**Data block:**
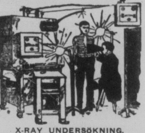
X-RAY UNDERSÖKNING. Intet gissningsarbete.

Ni skall bli fri från svaghet och sjukdom. Kom och hav ett vänligt samtal med mig. Det är ett steg i rätta riktningen och kostar intet. Många av mina patienter resa långa vägar för min speciella behandling och pengarna på billiga postpropositioner, patentmedicin och apotekarläkare. Begå icke detta misstag, utan kom direkt till mitt kontor för en god undersökning. Intet missingsarbete. Ni kan återvända hem efter en vecka. Ett gott rum beredes för eder nära mitt kontor för mycket liten kostnad, så att ni kan erhålla min speciella, direkta behandling.
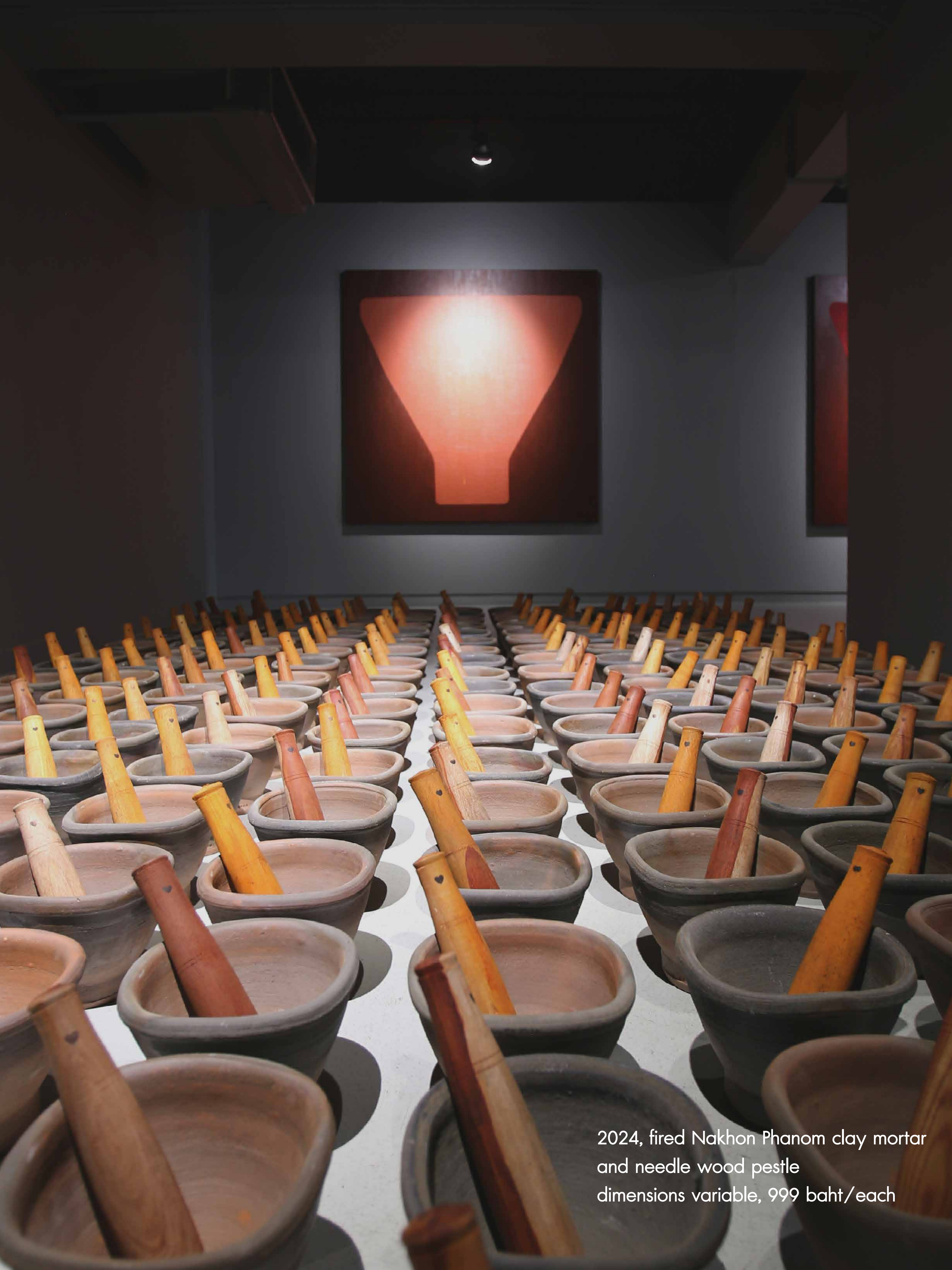
2024, fired Nakhon Phanom clay mortar and needle wood pestle dimensions variable, 999 baht/each
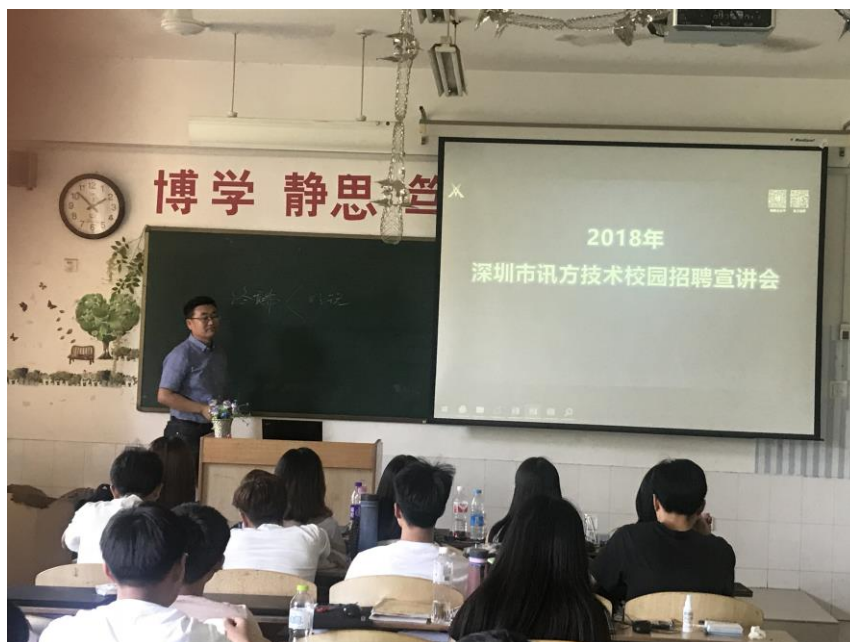
图 15 讯方校园招聘会

**Problem requirements:** Would you transcribe all of the data exactly, apart from its pictures?

**Task answer:**
X-RAY UNDERSÖKNING. Intet gissningsarbete.

Ni skall bli fri från svaghet och sjukdom. Kom och hav ett vänligt samtal med mig. Det är ett steg i rätta riktningen och kostar intet. Många av mina patienter resa långa vägar för min speciella behandling och pengarna på billiga postpropositioner, patentmedicin och apotekarläkare. Begå icke detta misstag, utan kom direkt till mitt kontor för en god undersökning. Intet missingsarbete. Ni kan återvända hem efter en vecka. Ett gott rum beredes för eder nära mitt kontor för mycket liten kostnad, så att ni kan erhålla min speciella, direkta behandling.
2024, fired Nakhon Phanom clay mortar and needle wood pestle dimensions variable, 999 baht/each
图 15 讯方校园招聘会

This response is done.